Book Review: The Lost by Jeffrey B. Burton

In Jeffrey B. Burton's The Lost, a home invasion turned kidnapping at the mansion of a billionaire financier brings Mason “Mace” Reid and his cadaver dog in to solve the case. But nothing is as it appears, and the red herrings could be lethal. Don't miss Doreen Sheridan's review!
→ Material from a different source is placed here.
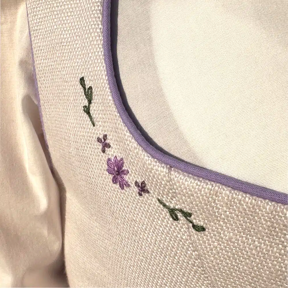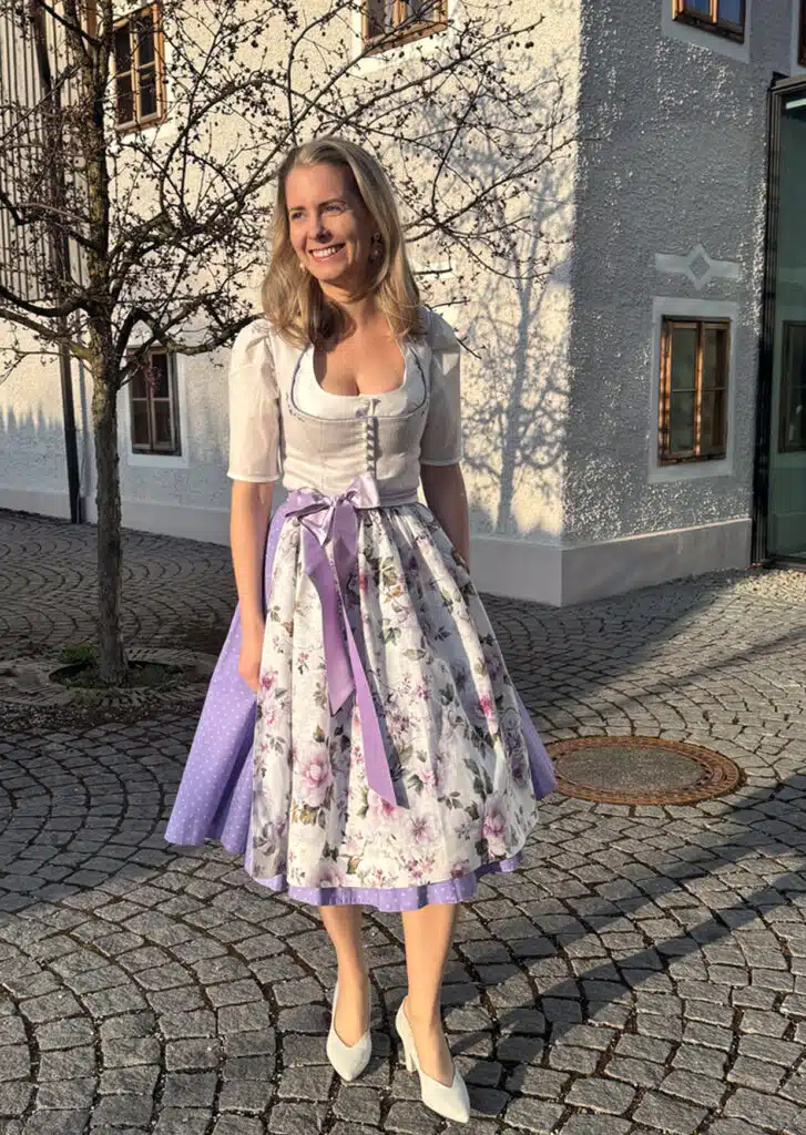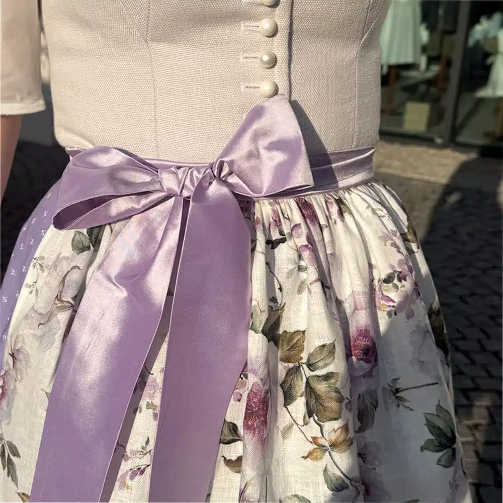 Die fliederfarbenen Akzente am Oberteil bringen dann die eigentliche Frühlingsstimmung ins Spiel. Flieder gehört heuer zu den schönsten Farben der Saison und macht das Kleid weich, lebendig und leicht. Dazu kommt eine Leinenschürze mit floralem Druck und ein Schürzenband aus schimmernder Wildseide. Die Flieder- und Grüntöne der Schürze finden sich in der Handstickerei am Dekolleté wieder. Genau solche kleinen handwerklichen Details machen für mich den Unterschied.

Mason “Mace” Reid is a dog obedience trainer specializing in human remains detection (HRD). His stable of dogs is as well-trained as it is loved, and is constantly on-call to assist Chicago law enforcement in seeking out the dead or otherwise lost. Though Mace is proud of all the dogs in his pack, the star of his enterprise is undoubtedly Vira, a golden retriever who does more than just sniff out corpses: 

Vira, and perhaps all HRD dogs, receive this tidal wave of stimulus, this tsunami of scent data, and my golden retriever then takes the art of human remains detection to the next level…to the Albert Einstein or Thomas Edison or Marie Curie level. When Vira discovers a body, or visits a crime scene, she attempts to process this data, to perform some kind of forensic analysis on the various smells and odors–the scent DNA–in order to decipher the meaning. [S]he attempts to interpret these odors.

 

Vira makes links, she makes relationships…connections… Vira connects the unseen dots.
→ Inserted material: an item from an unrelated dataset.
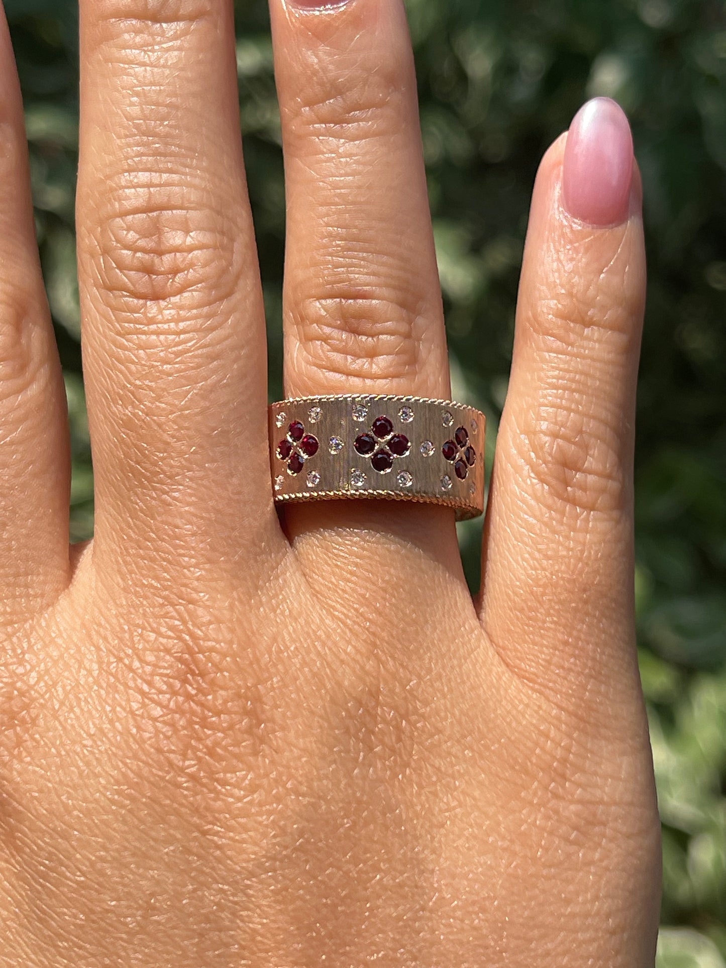 Indulge in the luxurious allure of our 14k Engraved Rose Gold Silk-Inspired Ring, a masterpiece of craftsmanship and elegance. With a generous width of 10mm, this ring captivates with intricate engravings that artfully mimic the soft folds of silk fabric, adding a touch of timeless sophistication to your ensemble. Adorned with a delicate lab ruby and moissanite flower inlay, each petal sparkles with brilliance, creating a harmonious blend of opulence and nature-inspired beauty. Buccellati Macri Yellow Diamond with Rubies Ring

As such, Vira is surprisingly good not only at recovering those gone missing, but also at ferreting out clues and tracking killers from the scent trails left on their victims. When the wife and daughter of Illinois financier Kenneth Druckman disappear, and a corpse is found soon after, Mace and his dogs are called in to assist. Vira quickly makes it clear to Mace that Kenneth is not the innocent victim he’s pretending to be. But what could possibly motivate the wealthy businessman to fake the kidnappings of his own family?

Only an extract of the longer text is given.